» **WHAT THE EXERCISE ASKS**:
Produce word for word the lines of the data below running from the one that has "Zamansız zarafet ve" to the one that has "Look at his", inclusive, and no others.

» **DATASET**:
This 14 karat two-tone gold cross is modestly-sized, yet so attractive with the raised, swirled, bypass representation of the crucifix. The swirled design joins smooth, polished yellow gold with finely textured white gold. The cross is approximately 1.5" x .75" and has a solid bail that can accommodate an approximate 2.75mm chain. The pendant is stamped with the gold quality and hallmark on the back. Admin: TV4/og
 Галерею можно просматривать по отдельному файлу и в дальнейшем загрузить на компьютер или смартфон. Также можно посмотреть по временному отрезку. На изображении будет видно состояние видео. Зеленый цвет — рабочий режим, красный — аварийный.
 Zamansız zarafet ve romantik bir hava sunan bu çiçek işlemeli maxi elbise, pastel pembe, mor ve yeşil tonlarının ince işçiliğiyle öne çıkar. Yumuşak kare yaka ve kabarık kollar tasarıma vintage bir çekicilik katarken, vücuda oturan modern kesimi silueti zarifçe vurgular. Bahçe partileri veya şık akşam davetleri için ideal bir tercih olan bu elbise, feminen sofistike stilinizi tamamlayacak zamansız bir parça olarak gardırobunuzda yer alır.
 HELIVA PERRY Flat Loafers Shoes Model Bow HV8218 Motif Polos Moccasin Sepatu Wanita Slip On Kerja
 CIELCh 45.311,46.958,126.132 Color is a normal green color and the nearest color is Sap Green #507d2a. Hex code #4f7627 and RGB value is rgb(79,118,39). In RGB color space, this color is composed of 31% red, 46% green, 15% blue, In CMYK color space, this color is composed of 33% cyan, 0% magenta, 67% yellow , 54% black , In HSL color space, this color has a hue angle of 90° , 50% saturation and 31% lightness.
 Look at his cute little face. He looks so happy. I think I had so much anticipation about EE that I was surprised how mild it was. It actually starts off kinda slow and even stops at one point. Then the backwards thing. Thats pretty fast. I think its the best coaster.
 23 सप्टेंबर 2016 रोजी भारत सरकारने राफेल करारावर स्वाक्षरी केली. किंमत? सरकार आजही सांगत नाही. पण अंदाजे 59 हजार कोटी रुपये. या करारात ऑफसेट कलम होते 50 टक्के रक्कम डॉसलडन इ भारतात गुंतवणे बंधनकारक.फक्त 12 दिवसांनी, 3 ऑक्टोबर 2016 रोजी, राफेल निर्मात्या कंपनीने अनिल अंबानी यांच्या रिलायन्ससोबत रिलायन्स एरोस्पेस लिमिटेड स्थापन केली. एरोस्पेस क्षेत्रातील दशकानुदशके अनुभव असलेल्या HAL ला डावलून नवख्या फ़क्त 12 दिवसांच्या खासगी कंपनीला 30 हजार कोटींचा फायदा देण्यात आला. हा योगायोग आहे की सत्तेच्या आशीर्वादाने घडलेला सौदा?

---

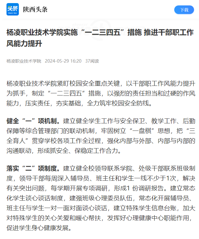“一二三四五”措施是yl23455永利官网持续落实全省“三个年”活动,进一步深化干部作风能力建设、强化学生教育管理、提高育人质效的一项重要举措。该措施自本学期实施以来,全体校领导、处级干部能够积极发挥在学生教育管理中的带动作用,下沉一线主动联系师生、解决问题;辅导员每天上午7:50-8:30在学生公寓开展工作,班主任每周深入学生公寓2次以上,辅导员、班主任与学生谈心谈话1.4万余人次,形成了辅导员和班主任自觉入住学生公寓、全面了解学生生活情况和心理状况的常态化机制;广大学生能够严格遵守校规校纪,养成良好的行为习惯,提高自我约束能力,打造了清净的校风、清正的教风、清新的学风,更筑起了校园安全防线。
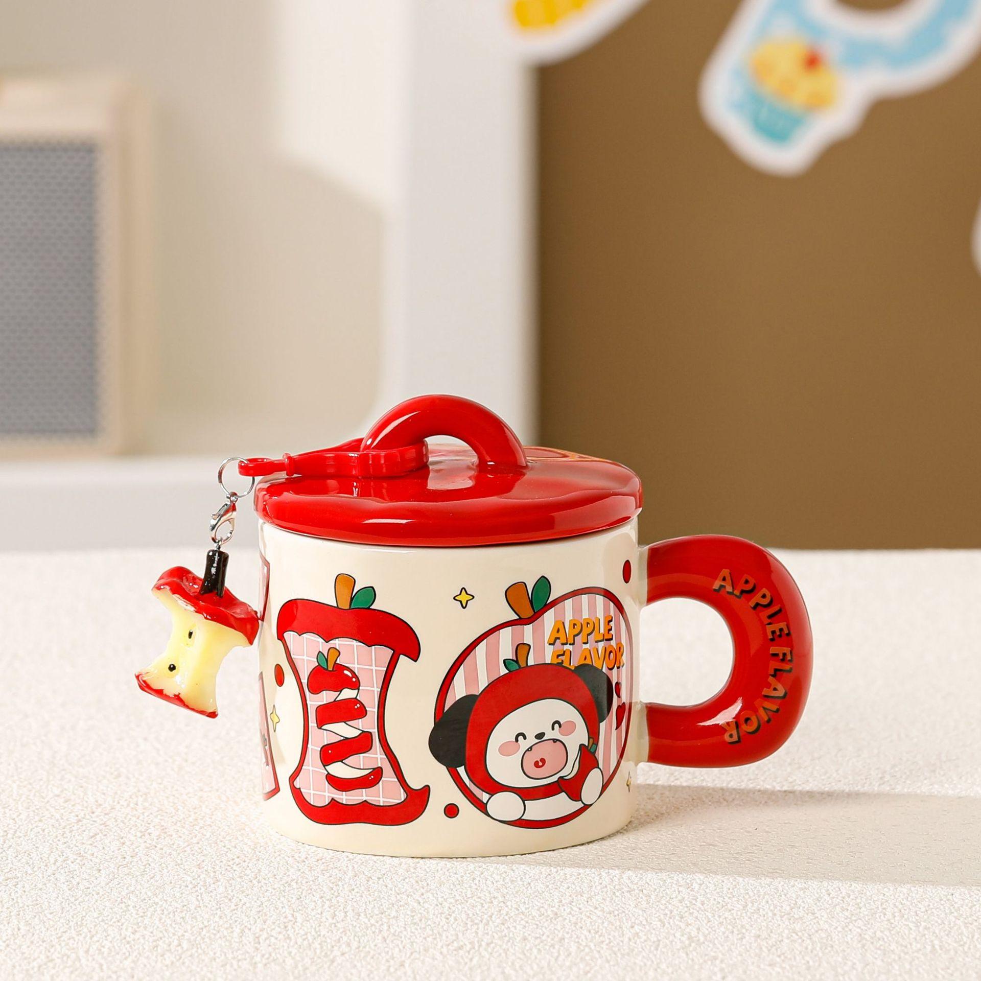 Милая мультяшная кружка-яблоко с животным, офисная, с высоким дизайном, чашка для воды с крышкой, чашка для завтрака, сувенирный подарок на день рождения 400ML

==

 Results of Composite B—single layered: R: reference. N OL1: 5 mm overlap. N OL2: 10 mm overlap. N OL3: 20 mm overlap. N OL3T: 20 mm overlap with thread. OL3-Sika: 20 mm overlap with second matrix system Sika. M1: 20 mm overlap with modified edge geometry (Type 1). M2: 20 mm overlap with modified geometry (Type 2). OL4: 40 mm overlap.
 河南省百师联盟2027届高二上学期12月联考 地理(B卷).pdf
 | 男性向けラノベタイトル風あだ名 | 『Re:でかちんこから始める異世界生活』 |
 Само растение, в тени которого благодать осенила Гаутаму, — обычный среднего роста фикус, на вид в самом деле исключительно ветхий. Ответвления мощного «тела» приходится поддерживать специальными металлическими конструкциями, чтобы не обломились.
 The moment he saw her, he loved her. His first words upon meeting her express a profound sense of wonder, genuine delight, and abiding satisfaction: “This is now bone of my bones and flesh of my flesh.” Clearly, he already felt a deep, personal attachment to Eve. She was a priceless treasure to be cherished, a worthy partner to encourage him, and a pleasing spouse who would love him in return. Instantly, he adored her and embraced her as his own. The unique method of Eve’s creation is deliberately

» **ANSWER FOR THE TASK**:
 Zamansız zarafet ve romantik bir hava sunan bu çiçek işlemeli maxi elbise, pastel pembe, mor ve yeşil tonlarının ince işçiliğiyle öne çıkar. Yumuşak kare yaka ve kabarık kollar tasarıma vintage bir çekicilik katarken, vücuda oturan modern kesimi silueti zarifçe vurgular. Bahçe partileri veya şık akşam davetleri için ideal bir tercih olan bu elbise, feminen sofistike stilinizi tamamlayacak zamansız bir parça olarak gardırobunuzda yer alır.
 HELIVA PERRY Flat Loafers Shoes Model Bow HV8218 Motif Polos Moccasin Sepatu Wanita Slip On Kerja
 CIELCh 45.311,46.958,126.132 Color is a normal green color and the nearest color is Sap Green #507d2a. Hex code #4f7627 and RGB value is rgb(79,118,39). In RGB color space, this color is composed of 31% red, 46% green, 15% blue, In CMYK color space, this color is composed of 33% cyan, 0% magenta, 67% yellow , 54% black , In HSL color space, this color has a hue angle of 90° , 50% saturation and 31% lightness.
 Look at his cute little face. He looks so happy. I think I had so much anticipation about EE that I was surprised how mild it was. It actually starts off kinda slow and even stops at one point. Then the backwards thing. Thats pretty fast. I think its the best coaster.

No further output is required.